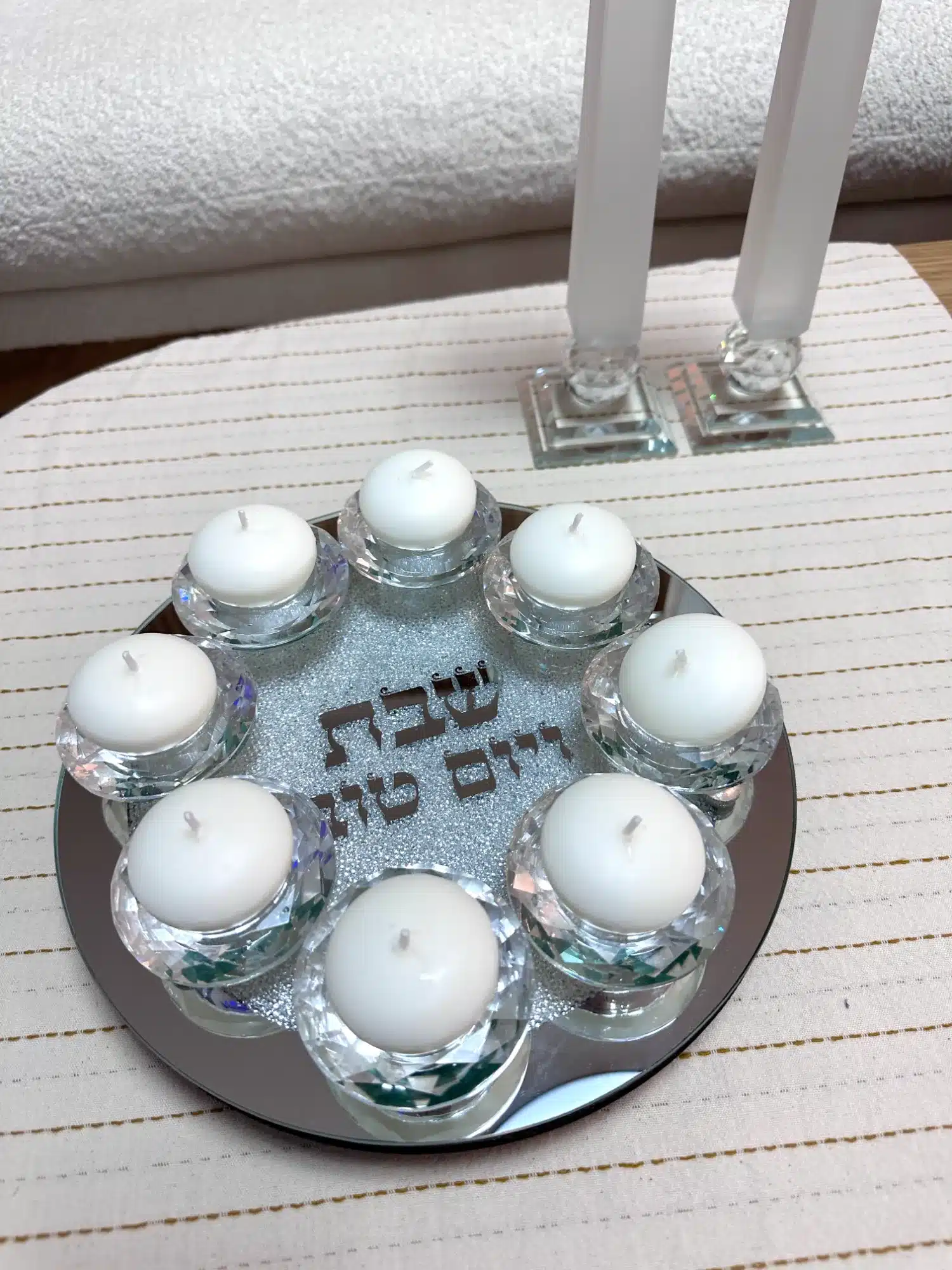 מעמד 8 קנים מקריסטל עם אבנים , 25 ס”מ .
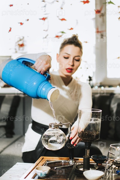 Красивая девушка заваривает чай
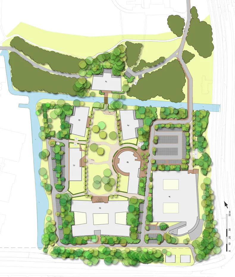 Een volledige integratie van het terrein in zijn landelijke en stedelijke omgeving is het uitgangpunt van de visie, echter met behoud van het bijzondere karakter en de specifieke kwaliteiten. Het vele groen dat het gebied rijk is, is ingezet als drager van de nieuwe ontwikkelingen.
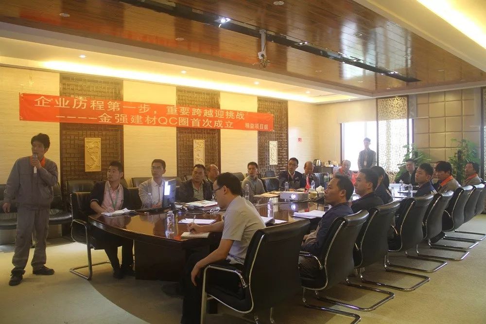 在2018年精益项目中,金强建材首个QCC(Quality Control Circle 即品管圈)成立是其重点工作之一。金强建材首个QCC于2018年9月4日正式成立,历经2个多月的努力,2018年11月13日,首个QCC——晨曦圈完美结案。生产中心设备部陈发霖作为圈长在会议上分享QC成果。
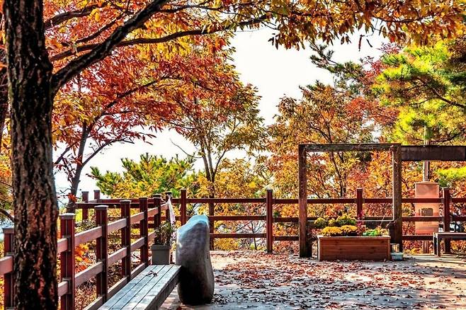 정상에 다다르면 용인의 풍경을 한눈에 내려다볼 수 있는 전망대가 있어 가을철 인기 있는 힐링 장소로 손꼽힌다.
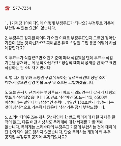 부정투표에 대한 명확한 기준도 없이 저희쪽 인기상만 130만표를 삭제하고 부정투표라 단정하고 부정투표한 계정도 비공개에 불이익,제재 조치 주지 않으며 투표를 강행하는 소리바다에게 말합니다.
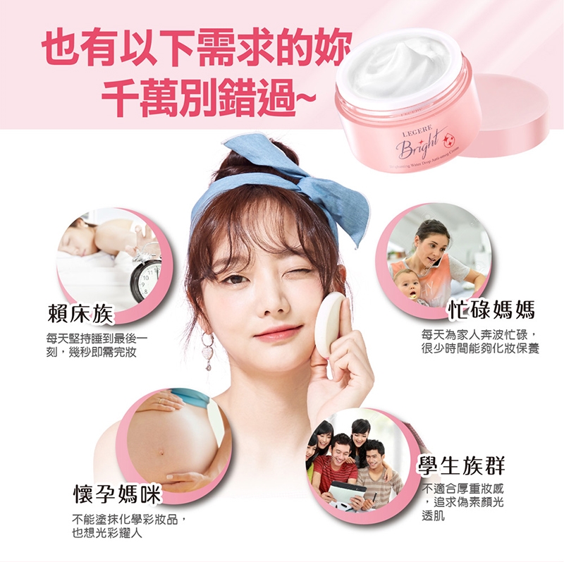 晚上–於化粧水後使用,取適量輕輕按摩於臉和頸部,待肌膚完全吸收透出層層淨白美感,可再視肌況擦拭其他保養品。
+-------+
_PROBLEM DESCRIPTION_
Because the pictures are not wanted, retype only the text of every record, exactly as given.

_SOLUTION FOR THIS TASK_
 מעמד 8 קנים מקריסטל עם אבנים , 25 ס”מ .
 Красивая девушка заваривает чай
 Een volledige integratie van het terrein in zijn landelijke en stedelijke omgeving is het uitgangpunt van de visie, echter met behoud van het bijzondere karakter en de specifieke kwaliteiten. Het vele groen dat het gebied rijk is, is ingezet als drager van de nieuwe ontwikkelingen.
 在2018年精益项目中,金强建材首个QCC(Quality Control Circle 即品管圈)成立是其重点工作之一。金强建材首个QCC于2018年9月4日正式成立,历经2个多月的努力,2018年11月13日,首个QCC——晨曦圈完美结案。生产中心设备部陈发霖作为圈长在会议上分享QC成果。
 정상에 다다르면 용인의 풍경을 한눈에 내려다볼 수 있는 전망대가 있어 가을철 인기 있는 힐링 장소로 손꼽힌다.
 부정투표에 대한 명확한 기준도 없이 저희쪽 인기상만 130만표를 삭제하고 부정투표라 단정하고 부정투표한 계정도 비공개에 불이익,제재 조치 주지 않으며 투표를 강행하는 소리바다에게 말합니다.
 晚上–於化粧水後使用,取適量輕輕按摩於臉和頸部,待肌膚完全吸收透出層層淨白美感,可再視肌況擦拭其他保養品。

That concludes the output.